= Early Years Learning Framework =

Australian early childhood curriculum

The Early Years Learning Framework (commonly known as EYLF) is the national curriculum framework for early childhood education in Australia, which commenced in 2009. It provides guidance for educators working with children from birth to five years of age in Australia, including long-day care, family day care, preschool and kindergarten settings. The EYLF outlines the principles, practices and learning outcomes intended to support children's learning, development and wellbeing during their early years.

==Development of EYLF==
The EYLF was first introduced in 2009, and in 2012 became part of the implementation of Australia's overarching National Quality Framework (NQF) laws, regulations and quality ratings for early childhood education and care. It was developed collaboratively by the Australian and State and Territory Governments with substantial input from the early childhood sector and early childhood academics. The Framework incorporates feedback from an extensive consultation process, including two national symposiums, national public consultation forums, focus groups, an online forum and case-study trials.

The Early Years Learning Framework Professional Learning Program (EYLF PLP), was developed for the Australian Government by Early Childhood Australia in 2009, to provide ongoing professional support to childcare services in the EYLF implementation process. The program was incorporated into the National Quality Standard Professional Learning Program (NQS PLP). The NQS PLP focuses on assistance for services to meet the National Quality Standard.

The Victorian Department of Education and Training adapted the EYLF and in 2016 published the Victorian Early Years Learning and Development Framework (VEYLDF). The VEYLDF has been implemented across Victoria providing a framework for working with children from birth to eight years of age (extending beyond the EYLF) covering the first years of primary school. While the EYLF moved to Version 2 in January 2023 the VEYLDF has no changes and remains in its original form.

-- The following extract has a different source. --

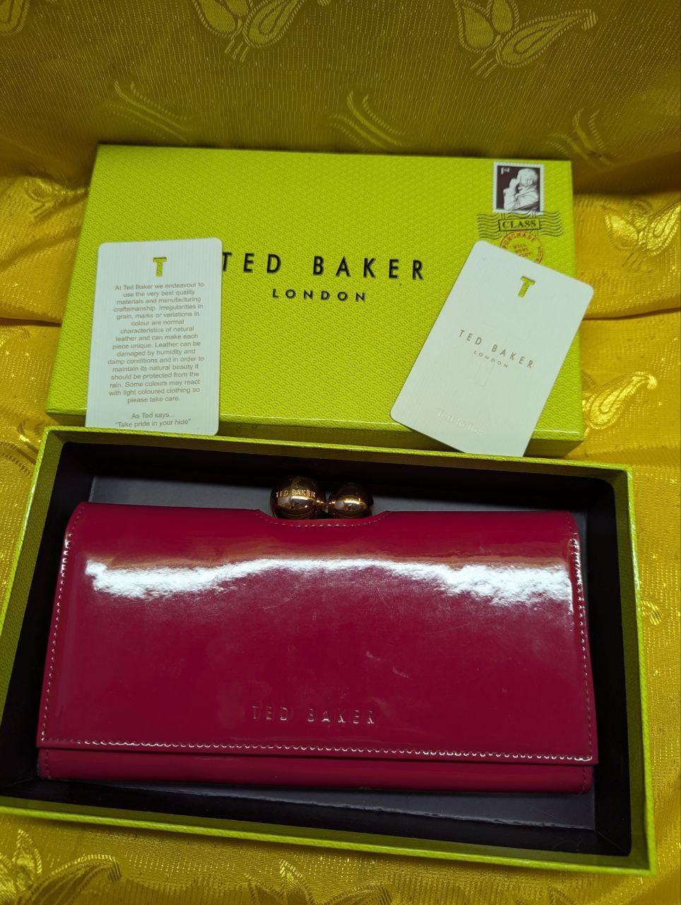 Elevate your style with this Authentic Ted Baker Pink Popper Patent Leather Clutch-Wallet. Perfect f...

In April 2021 the Education Ministers of Australia announced a review and update of the EYLF. The three-phase process concluded in late 2022, with findings and feedback from a range of pilots to inform recommendations for consideration by Education Ministers.

In January 2023 the Australian Education ministers approved proposed changes and endorsed the use of Version 2.0 of the EYLF under the National Quality Framework. Three new principles were introduced including Aboriginal and Torres Strait Islander perspectives, sustainability, and collaborative leadership and teamwork. The original version 1 was revoked from February 2024.

==Description==
The EYLF consists of three parts that outline the environment that educators in Australia should shape around children:

1. Principles: goals for the care, e.g. "Secure, respectful and reciprocal relationships";
2. Practices: guidelines for how to achieve the goals set out in the principles (includes hands-on examples);
3. Outcomes: a list of 5 overall goals, each with 2-5 sub-goals. Each of those sub-goals has a list of things that the child could have done to meet the overall goal, serving as an easy reference for teachers (see example structure below):
- Learning Outcome 1: Children have a strong sense of identity
- Learning Outcome 2: Children are connected with and contribute to their world
- Learning Outcome 3: Children have a strong sense of wellbeing
- Learning Outcome 4: Children are confident and involved learners
- Learning Outcome 5: Children are effective communicators

== Relationship to the National Quality Framework and National Quality Standard ==
Australia's National Quality Framework (NQF) is the national system for regulating, assessing and improving the quality of early childhood education and care services. Within the NQF, the EYLF provides the national curriculum framework that guides children's learning and development, while the National Quality Standard (NQS) sets the benchmarks against which services are assessed and rated. Together the EYLF and NQS provide a consistent approach to early learning pedagogy, practice and quality assurance across Australia.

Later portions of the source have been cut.